In this particular example, the grep is actually redundant. We can remove it, and have AWK perform the filtering in addition to whatever else it's doing:
tail -f logfile | awk '/foo bar/ ...'
In other cases, this sort of consolidation may not be possible. But you should always look for the simplest solution first.
Your command may already support unbuffered output
Some programs provide special command line options specifically for this sort of problem:
grep (e.g. GNU version 2.5.1) |
--line-buffered |
sed (e.g. GNU version 4.0.6) |
-u,--unbuffered |
awk (some GNU versions) |
-W interactive, or use the fflush() function |
tcpdump, tethereal |
-l |
Each command that writes to a pipe would have to be told to disable buffering, in order for the entire pipeline to run in (near) real time. The last command in the pipeline, if it's writing to a terminal, will not typically need any special consideration.
unbuffer
The expect package has an unbuffer program which effectively tricks other programs into always behaving as if they were being used interactively (which may often disable buffering). Here's a simple example:
tail -f logfile | unbuffer grep 'foo bar' | awk ...
expect and unbuffer are not standard POSIX tools, but they may already be installed on your system.
less
If you simply wanted to highlight the search term, rather than filter out non-matching lines, you can use the less program instead of a filtered tail -f:
$ less program.log
Inside less, start a search with the '/' command (similar to searching in vi).
- This should highlight any instances of the search term.
Now put less into "follow" mode, which by default is bound to shift+f.

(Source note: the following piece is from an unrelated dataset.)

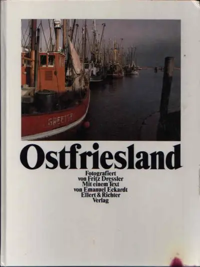 Ostfriesland, sieben Inseln im sonnigen Süden der Nordsee, Wattenmeer, amphibische Wunderwelt, die im Stundentakt des Mondes zweimal am Tag trocken fällt und wieder versinkt, meter hohe Deiche, computer berechnete Bollwerke des Küstenschutzes, auf denen wie in alten Zeiten Schafe weiden, weites Land, saftgrün, wie platt geschoben unter der Wucht des Windes, oft verglichen mit dem fetten Rand eines Pfannkuchens aus speckig schwarzer Erde, der tucheben die Moränenlandschaft der Geest im inneren Ostfriesland einfasst. guter Zustand, Beschreibung vom Antiquariat Ardelt 1a1a ISBN-Nummer: 389234020X Antiquariat Ardelt

- You should get an unfiltered tail of the specified file, with the search term highlighted.
"follow" mode is stopped with an interrupt, which is probably control+c on your system. The '/' command accepts regular expressions, so you could do things like highlight the entire line on which a term appears. For details, consult man less.
coproc
If you're using ksh or Bash 4.0+, whatever you're really trying to do with tail -f might benefit from using coproc and fflush() to create a coprocess. Note well that coproc does not itself address buffering issues (in fact it's prone to buffering problems -- hence the reference to fflush). coproc is only mentioned here because whenever someone is trying to continuously monitor and react to a still-growing file (or pipe), they might be trying to do something which would benefit from coprocesses.